Records shown:
----
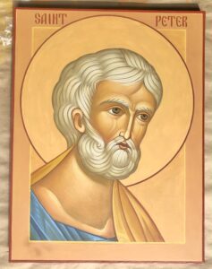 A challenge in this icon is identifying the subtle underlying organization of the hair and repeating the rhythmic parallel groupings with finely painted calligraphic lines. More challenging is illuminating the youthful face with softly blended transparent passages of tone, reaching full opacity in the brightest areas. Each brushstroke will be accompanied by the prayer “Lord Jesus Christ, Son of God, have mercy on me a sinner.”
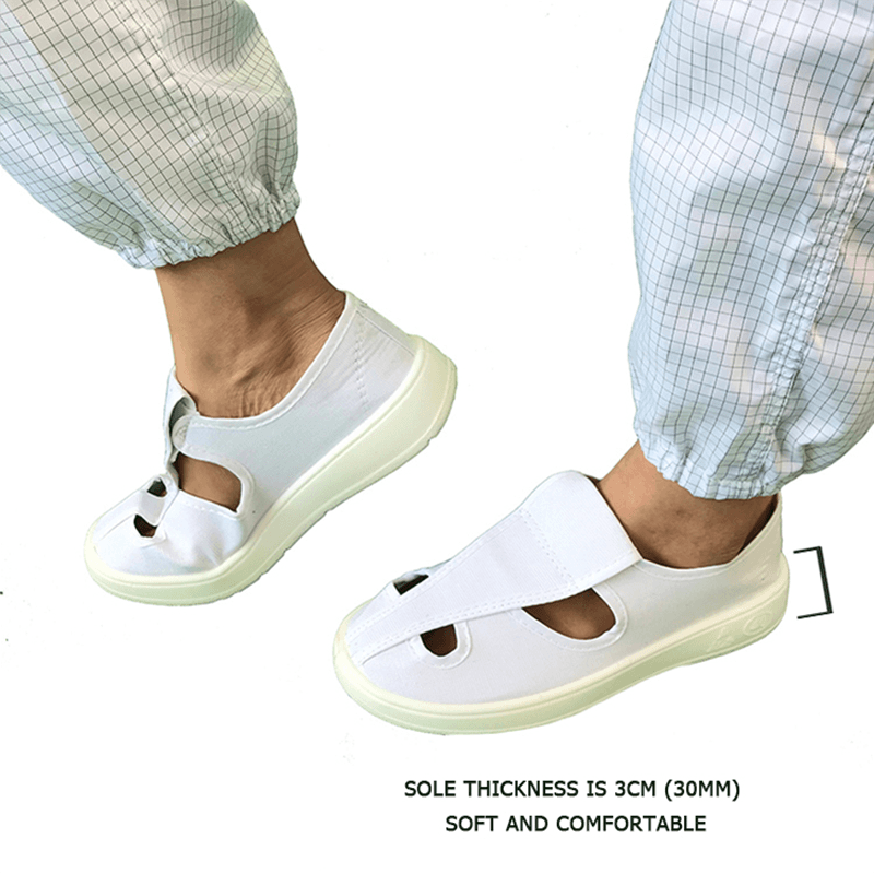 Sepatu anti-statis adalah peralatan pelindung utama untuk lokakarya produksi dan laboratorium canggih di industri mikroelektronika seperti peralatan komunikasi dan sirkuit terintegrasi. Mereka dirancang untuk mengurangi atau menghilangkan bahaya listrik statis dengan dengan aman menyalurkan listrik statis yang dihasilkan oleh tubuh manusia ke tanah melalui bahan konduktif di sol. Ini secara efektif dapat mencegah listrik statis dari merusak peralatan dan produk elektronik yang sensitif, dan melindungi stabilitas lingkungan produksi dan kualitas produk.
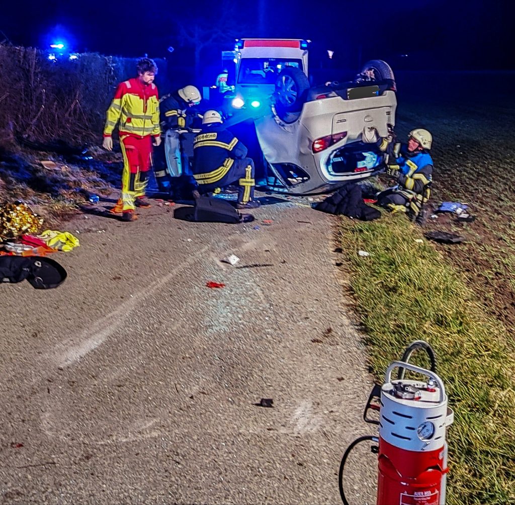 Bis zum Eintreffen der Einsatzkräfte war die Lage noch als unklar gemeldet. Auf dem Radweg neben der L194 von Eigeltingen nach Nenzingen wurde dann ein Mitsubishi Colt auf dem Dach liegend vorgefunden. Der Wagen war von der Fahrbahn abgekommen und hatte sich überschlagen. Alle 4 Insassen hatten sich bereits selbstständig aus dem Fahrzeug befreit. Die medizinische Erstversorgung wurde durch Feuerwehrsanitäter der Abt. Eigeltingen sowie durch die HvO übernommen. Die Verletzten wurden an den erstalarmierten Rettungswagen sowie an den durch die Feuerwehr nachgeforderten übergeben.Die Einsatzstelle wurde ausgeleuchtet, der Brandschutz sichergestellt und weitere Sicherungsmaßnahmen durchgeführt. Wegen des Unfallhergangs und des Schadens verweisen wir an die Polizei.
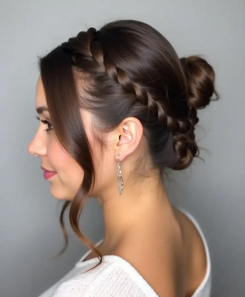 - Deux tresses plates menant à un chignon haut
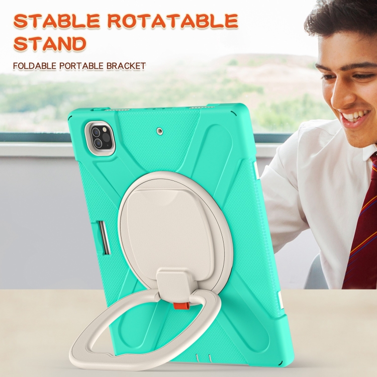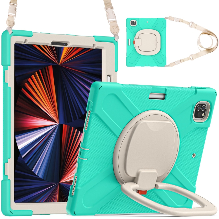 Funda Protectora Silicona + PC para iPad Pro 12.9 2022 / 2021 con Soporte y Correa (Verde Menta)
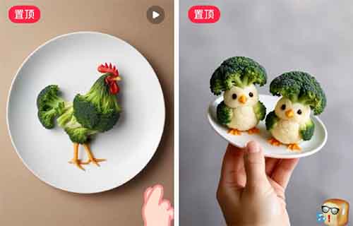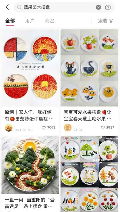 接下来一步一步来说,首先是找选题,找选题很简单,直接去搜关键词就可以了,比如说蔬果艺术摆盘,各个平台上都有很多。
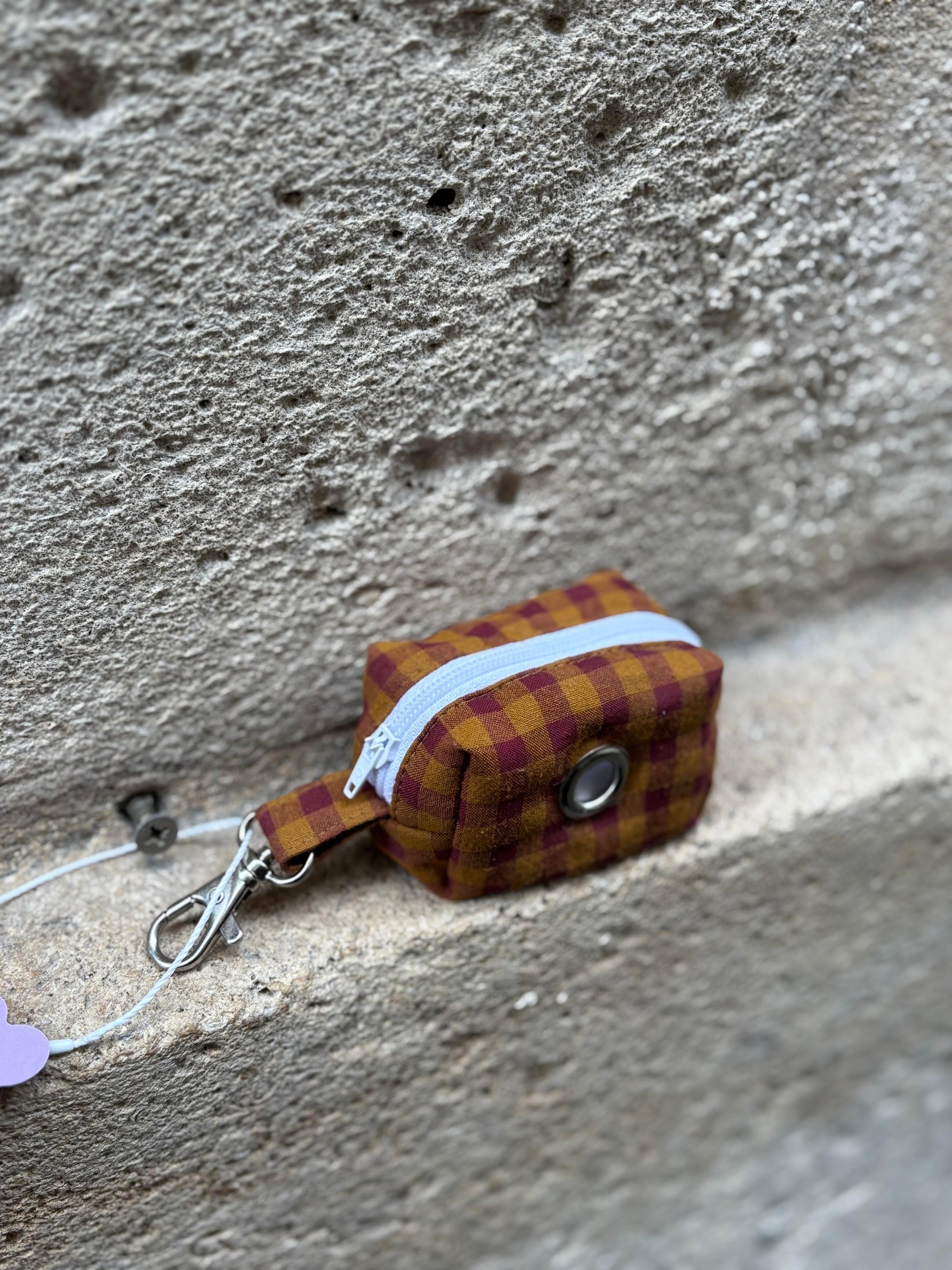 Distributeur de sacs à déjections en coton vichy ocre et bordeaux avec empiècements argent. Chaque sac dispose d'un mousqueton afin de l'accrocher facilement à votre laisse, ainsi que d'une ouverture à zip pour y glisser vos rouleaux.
----
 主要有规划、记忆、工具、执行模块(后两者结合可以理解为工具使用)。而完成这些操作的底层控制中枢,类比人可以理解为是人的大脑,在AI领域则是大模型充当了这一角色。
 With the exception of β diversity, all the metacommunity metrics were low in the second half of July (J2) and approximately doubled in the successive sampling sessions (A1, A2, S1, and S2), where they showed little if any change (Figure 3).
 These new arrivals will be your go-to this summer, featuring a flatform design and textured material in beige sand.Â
----
Task details:
Starting at the line above with "接下来一步一步来说,首先是找", output every line exactly up to and including the line with "Distributeur de sacs", but none of the pictures.

Result:
 接下来一步一步来说,首先是找选题,找选题很简单,直接去搜关键词就可以了,比如说蔬果艺术摆盘,各个平台上都有很多。
 Distributeur de sacs à déjections en coton vichy ocre et bordeaux avec empiècements argent. Chaque sac dispose d'un mousqueton afin de l'accrocher facilement à votre laisse, ainsi que d'une ouverture à zip pour y glisser vos rouleaux.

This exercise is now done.